THERE hasn’t been much news lately out of Texas about their evolution controversy, but Fox News has this story: Texas Debate Over Evolution Curriculum Could Affect Nation’s Textbooks. Here are some excerpts, with bold added by us:
A battle is brewing in Texas that could change the nation’s science textbooks and the way evolution is taught in school.
The State Board of Education is now conducting a formal review of standards it uses in its science curriculum after the board voted in January to drop a 20-year-old mandate that science teachers address both “strengths and weaknesses” of the theory of evolution.
That mandate was a compromise between religious conservatives who question evolution and scientists who embrace it. Federal courts have ruled against forcing the teaching of creationism and the similar theory of intelligent design.
Gotta love Fox News for saying “creationism and the similar theory of intelligent design.” Let’s read on:
The reversal of the mandate prompted the education board’s Republican chairman, Don McLeroy, to tack on an amendment to the preliminary draft, essentially restoring the requirement.
We wrote about that bit of trickery here: Texas Education Chainsaw Massacre. On with the Fox story:
“I have a problem with those who say there’s no weaknesses to evolution,” McLeroy told FOX News.
Ah yes, Don McLeroy, the creationist dentist. We continue:
Kathy Miller, president of the watchdog group Texas Freedom Network, has argued that the word weaknesses “has become a code word in the culture wars to attack evolution and promote creationism.”
The final vote on the new standards will come later this month.
“Anything can happen in the final vote,” said Miller. “The board can vote to go back to the old standards with strengths and weaknesses in them. The board can vote to eliminate the amendments that Chairman McLeroy forced into the curriculum standards. Virtually any change can be made.“
It’s a wild, wide-open situation. Moving along:
The significance of the Texas ruling could impact textbooks nationwide. Since Texas is the second largest consumer of textbooks in the U.S., publishers often create a book that meets Texas standards and then sell the same version to school districts across the country.
That depends. Other states might refuse to buy creationist textbooks. We don’t know what would happen. On with the article:
McLeroy said he hopes to see the original language restored in the final vote.
There’s never been any doubt where McLeroy stands. For an insight from his own writing at his personal website, see: Texas Anti-Evolution Debate: Pure Creationism.

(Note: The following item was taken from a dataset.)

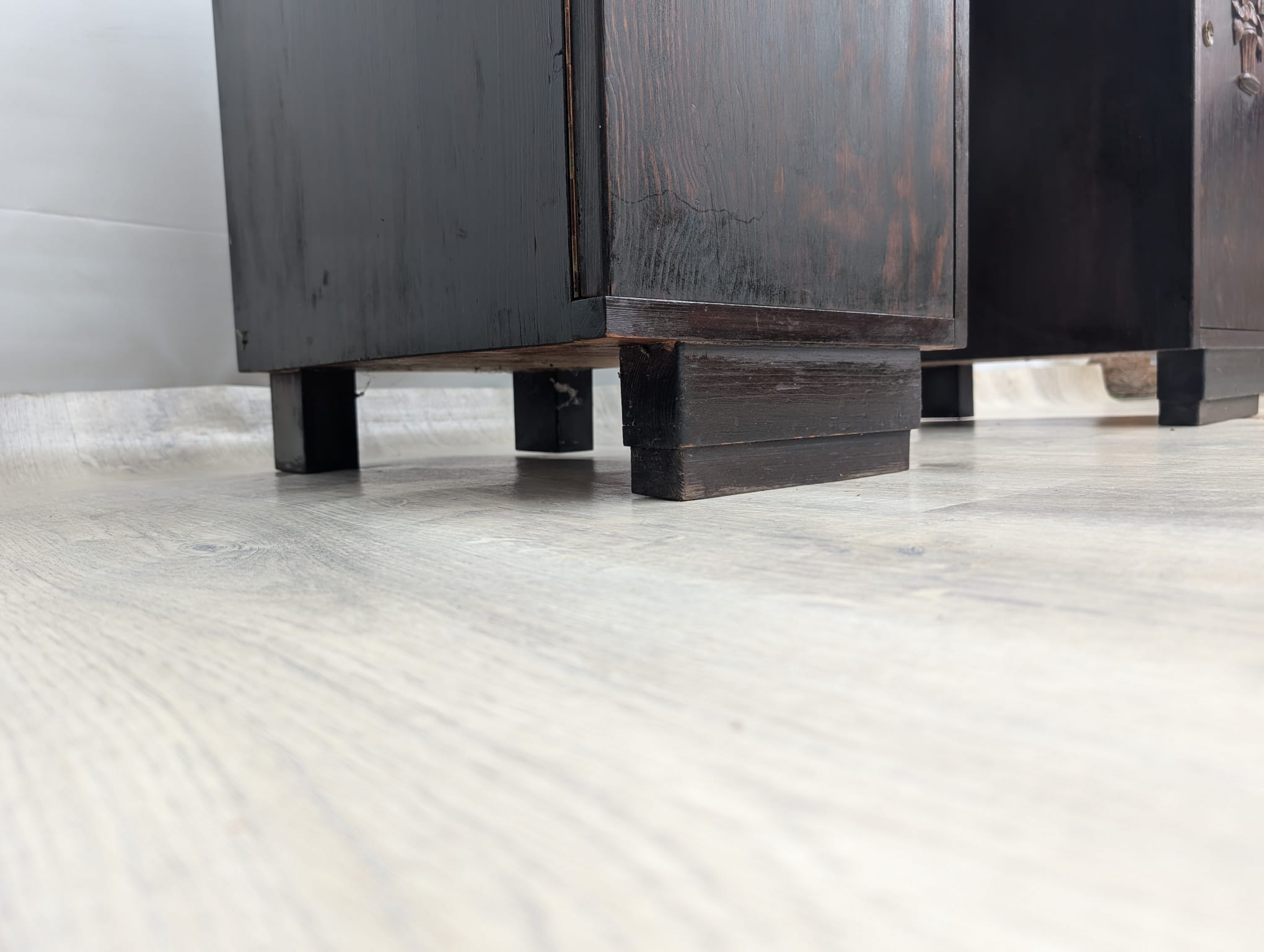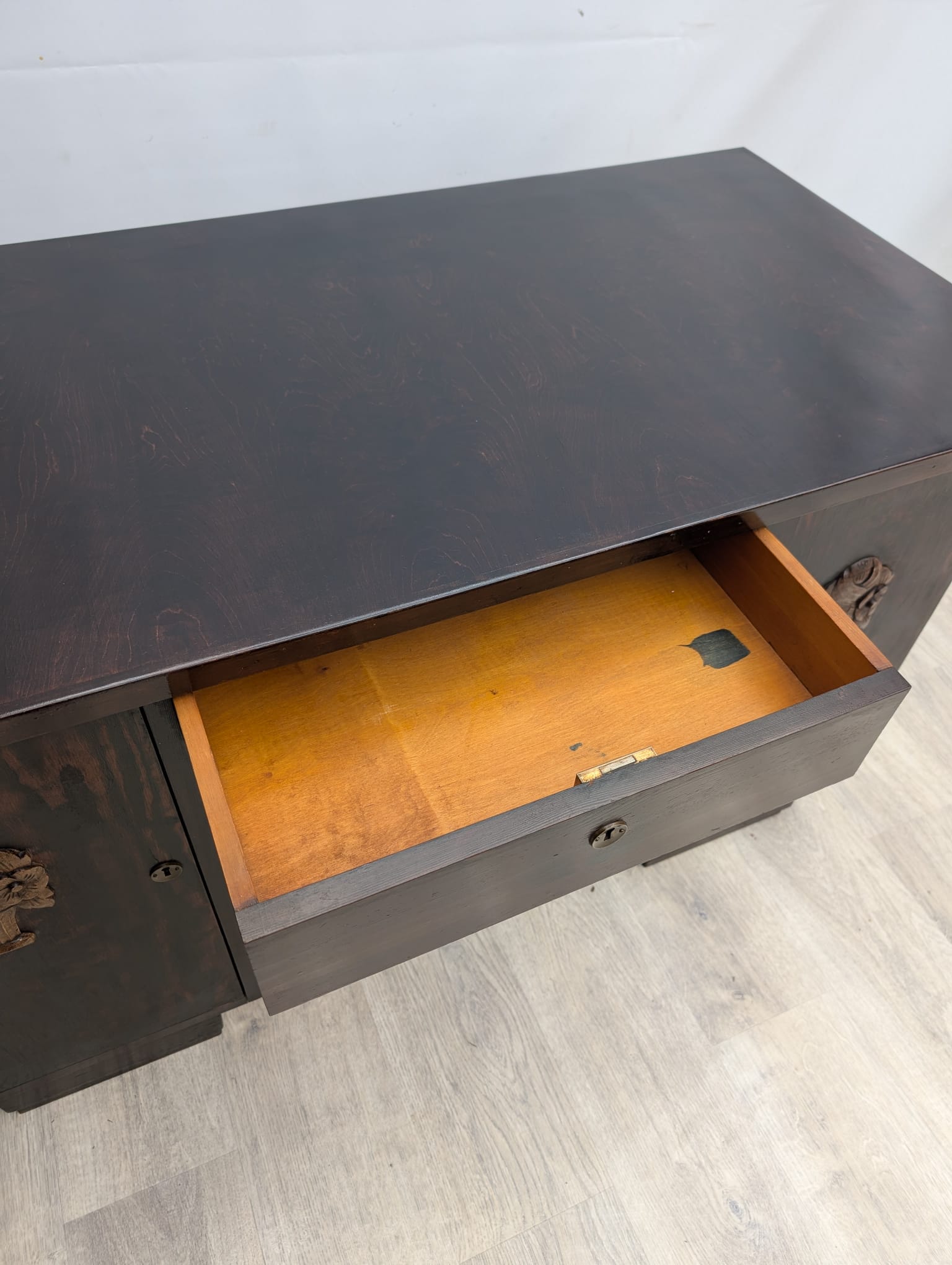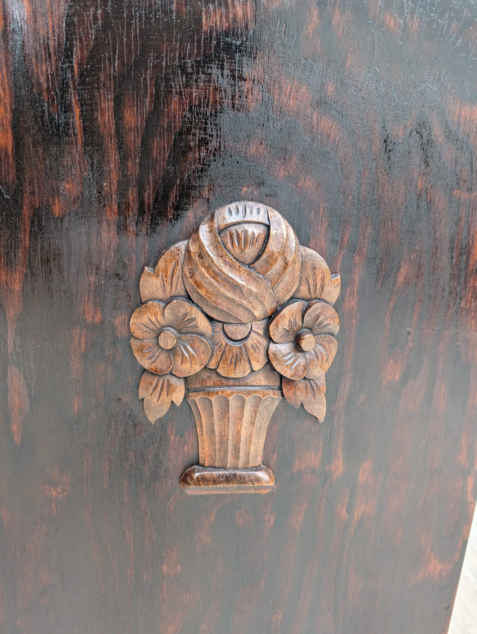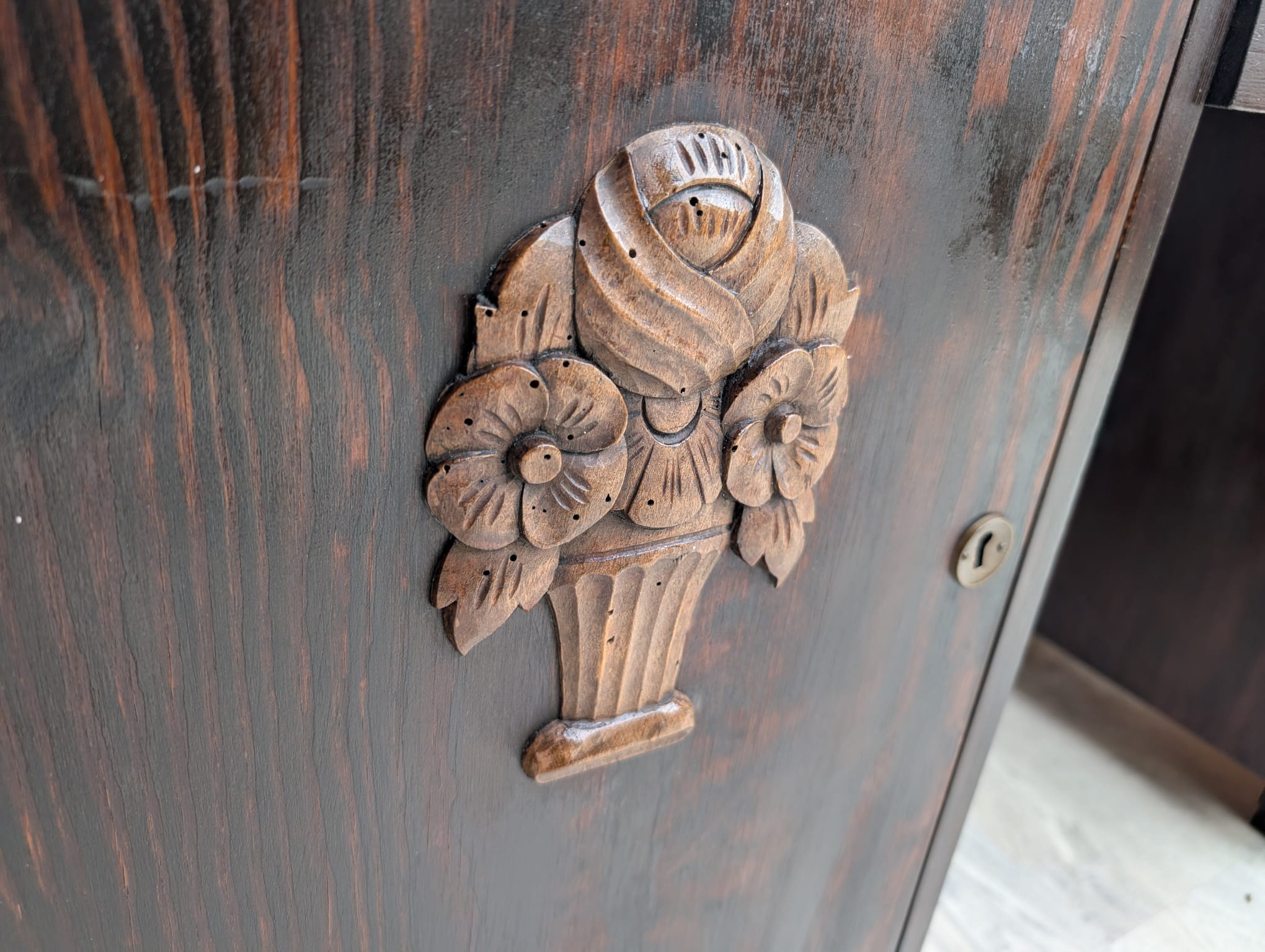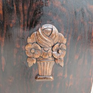 Carvings with a floral motif on cupboard doors are characteristic of the period.

And now we come to the end of the Fox article:
“I want to see the United States keep its scientific edge,” he [McLeroy] said. “And I think the way you do that is by being honest with the kids, you teach them the science, you show them the weaknesses and strengths.“
Creationists always say things like that, but everyone knows what they mean. Science is the last thing McLeroy wants taught in Texas schools. The man’s a full-blown theocrat.